Mon père la récitait souvent quand il réussissait à se libérer pour mon coucher.

- Dites, princesse, comment expliquez-vous que le règne de Teremun soit accepté de vos dieux ?

- Ces dieux sont les vôtres aussi, Osiris.

- Peut-être, mais s’ils sont censés apporter bonheur et paix à tous les croyants, pourquoi leur imposé un tel roi ?

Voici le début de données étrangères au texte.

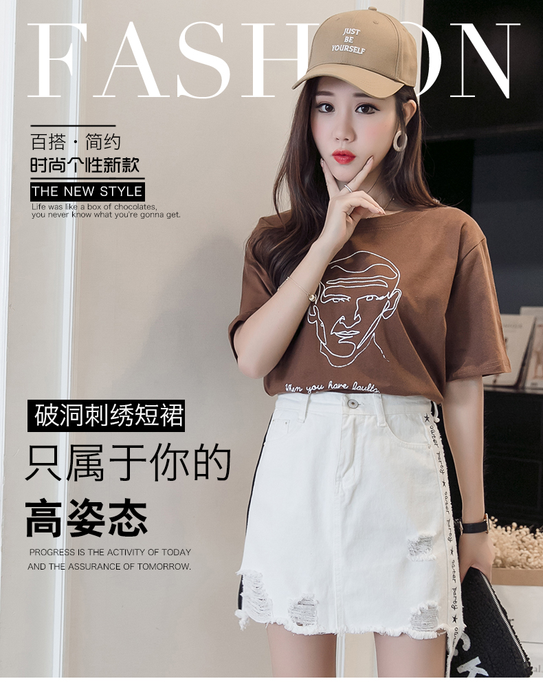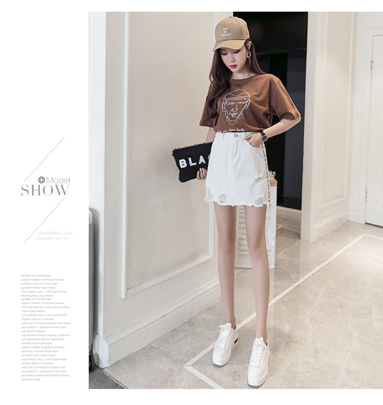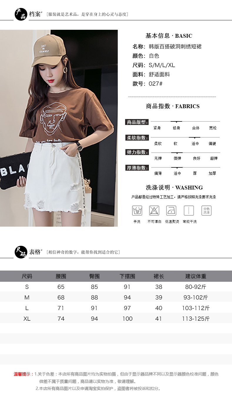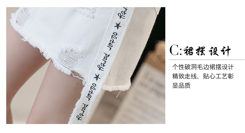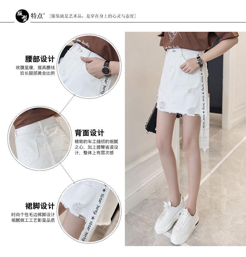 RY3697# 实拍破洞牛仔半身裙女2026夏季韩版小个子高腰显瘦米白a字短裙ins

- Les dieux nous mettent à l’épreuve. Toi et ton père m’accueillez pendant ma marche divine, celle-ci est pour moi pleines d’épreuves. La perte d’Halima, l’affront des Ensis qui soutiennent mon oncle, les traversées de déserts… tout cela est une mise à l’épreuve. Ils testent ma foi. Et quand je serai presque pure, je devrai affronter mon oncle. Ce sera l’ultime épreuve. Seulement là, je verrai le choix des dieux. Les dieux ont souvent raison. Leurs décisions sont souvent justes. Et s’ils décident que je ne suis pas digne d’être la reine du royaume de This, c’est que je n’apporterai que désolation et détresse.

- Mais c’est déjà ce qu’apporte votre oncle !

- Peut-être serai-je pire ! Ou peut-être est-ce seulement un mal entendu ! Qu’il n’a pas su s’entourer des bonnes personnes ! Il faut être patient, Osiris, la justice divine a toujours lieu.

- Je ne partage pas votre pensée, princesse.

- Parce que vous n’avez pas été assez au contact du peuple. J’ai grandi en allant à l’école de This, je n’ai pas reçu les enseignements privés habituels. Ma meilleure amie est fille de marchand de tapis. J’ai rencontré plus de personnes pauvres que de riches au cours de ma vie. Ouvrez-vous au peuple et vous comprendrez que les dieux sont parmi nous.